For example, assume you want to partition the sales table into eight partitions by range on the column time_id. Also assume you have two years and that each partition represents a quarter. Instead of using range partitioning, you can use composite partitioning to enable a full partition-wise join while preserving the partitioning on time_id. For example, partition the sales table by range on time_id and then subpartition each partition by hash on cust_id using 16 subpartitions for each partition, for a total of 128 subpartitions. The customers table can use hash partitioning with 16 partitions.

When you use the method just described, a full partition-wise join works similarly to the one created by a single-level - single-level hash-hash method. The join is still divided into 16 smaller joins between hash partition pairs from both tables. The difference is that now each hash partition in the sales table is composed of a set of 8 subpartitions, one from each range partition.

Figure 3-2 illustrates how the hash partitions are formed in the sales table. Each cell represents a subpartition. Each row corresponds to one range partition, for a total of 8 range partitions. Each range partition has 16 subpartitions. Each column corresponds to one hash partition for a total of 16 hash partitions; each hash partition has 8 subpartitions. Hash partitions can be defined only if all partitions have the same number of subpartitions, in this case, 16.

Hash partitions are implicit in a composite table. However, Oracle does not record them in the data dictionary, and you cannot manipulate them with DDL commands as you can range or list partitions.

Figure 3-2 Range and Hash Partitions of a Composite Table

Description of "Figure 3-2 Range and Hash Partitions of a Composite Table"

The following example shows the execution plan for the full partition-wise join with the sales table range partitioned by time_id, and subpartitioned by hash on cust_id.

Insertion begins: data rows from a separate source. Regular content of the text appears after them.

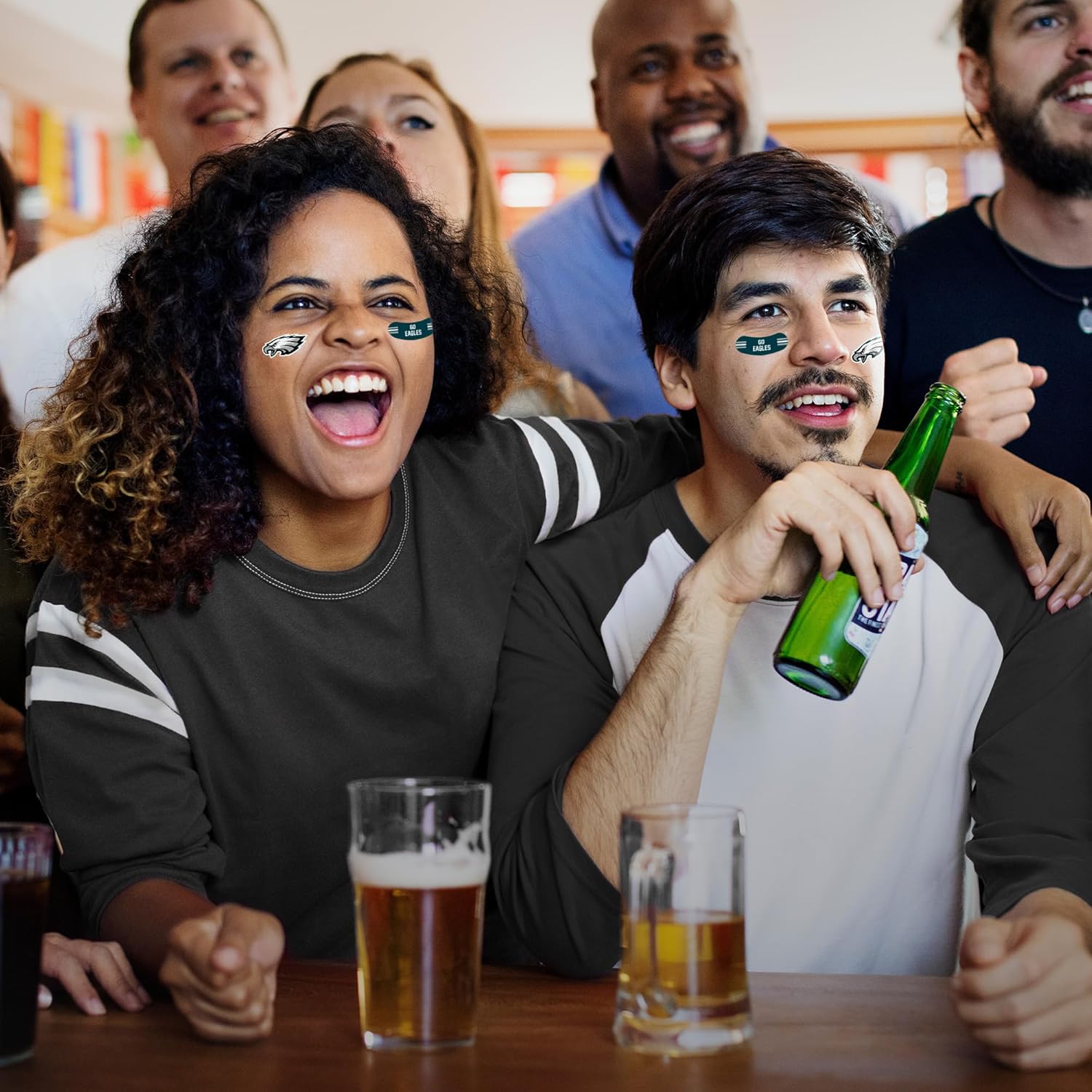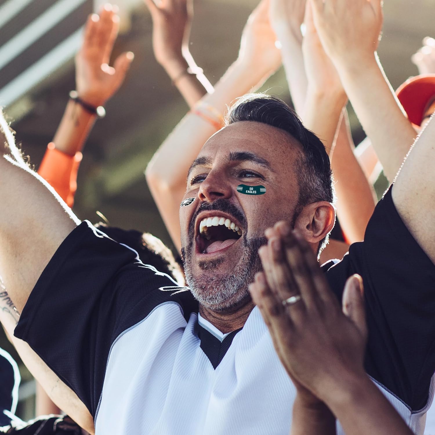 Customers find these temporary tattoos perfect for game day, with the stickers staying on for over 12 hours and being easy to put on and take off. Customers describe them as cute face eye black NFL stickers that are fun to wear. While some customers consider them good value for money, others say they’re not worth the price. The size receives mixed feedback, with several customers noting they are very small, and durability is also mixed, with one customer reporting they held up beautifully over makeup while another mentions they fell off by halftime.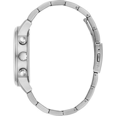 Diese Guess Uhr hat ein Edelstahl Gehäuse mit einem Durchmesser von 44 mm und ist mit einem Armband aus Edelstahl versehen. In der Uhr arbeitet ein Seiko Instruments Inc. Uhrwerk. Das Glas der Uhr besteht aus Mineral - Glas.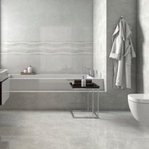 Gray glazed marble tiles are used for porcelain walls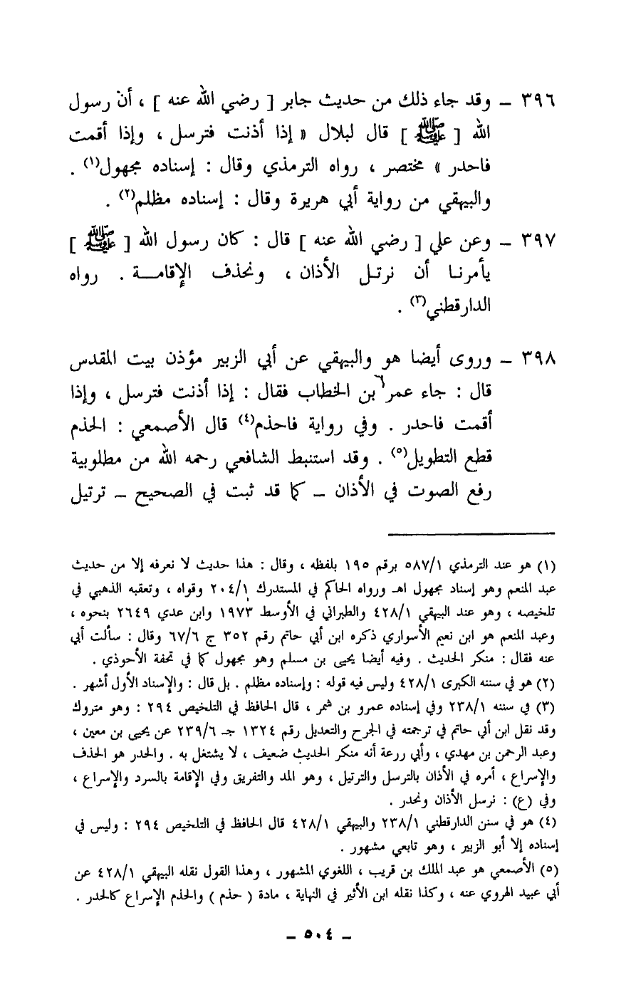 396 - وقد جاء ذلك من حديث جابر [- رَضِيَ اللَّهُ عَنْهُ -] ، «أن رسول الله - صَلَّى اللَّهُ عَلَيْهِ وَسَلَّمَ - قال لبلال: «إذا أذنت فترسل، وإذا أقمت فاحدر» مختصر، رواه الترمذي، وقال: إسناده مجهول. والبيهقي من رواية أبي هريرة، وقال: إسناده مظلم.

----------------------------------------------------------------------------------------------
| Id  | Operation                            | Name      | Pstart| Pstop |IN-OUT| PQ Distrib |
----------------------------------------------------------------------------------------------
|   0 | SELECT STATEMENT                     |           |       |       |      |            |
|   1 |  PX COORDINATOR                      |           |       |       |      |            |
|   2 |   PX SEND QC (RANDOM)                | :TQ10001  |       |       | P->S | QC (RAND)  |
|*  3 |    FILTER                            |           |       |       | PCWC |            |
|   4 |     HASH GROUP BY                    |           |       |       | PCWP |            |
|   5 |      PX RECEIVE                      |           |       |       | PCWP |            |
|   6 |       PX SEND HASH                   | :TQ10000  |       |       | P->P | HASH       |
|   7 |        HASH GROUP BY                 |           |       |       | PCWP |            |
|   8 |         PX PARTITION HASH ALL        |           |     1 |    16 | PCWC |            |
|*  9 |          HASH JOIN                   |           |       |       | PCWP |            |
|  10 |           TABLE ACCESS FULL          | CUSTOMERS |     1 |    16 | PCWP |            |
|  11 |           PX PARTITION RANGE ITERATOR|           |     8 |     9 | PCWC |            |
|* 12 |            TABLE ACCESS FULL         | SALES     |   113 |   144 | PCWP |            |
----------------------------------------------------------------------------------------------

Predicate Information (identified by operation id):
---------------------------------------------------

   3 - filter(COUNT(SYS_OP_CSR(SYS_OP_MSR(COUNT(*)),0))>100)
   9 - access("S"."CUST_ID"="C"."CUST_ID")
  12 - filter("S"."TIME_ID"<=TO_DATE(' 1999-10-01 00:00:00', 'syyyy-mm-dd hh24:mi:ss') AND 
"S"."TIME_ID">=TO_DATE(' 1999-07-01
              00:00:00', 'syyyy-mm-dd hh24:mi:ss'))

Note:

The Rows, Cost (%CPU), Time, and TQ columns were removed from the plan table output in this example.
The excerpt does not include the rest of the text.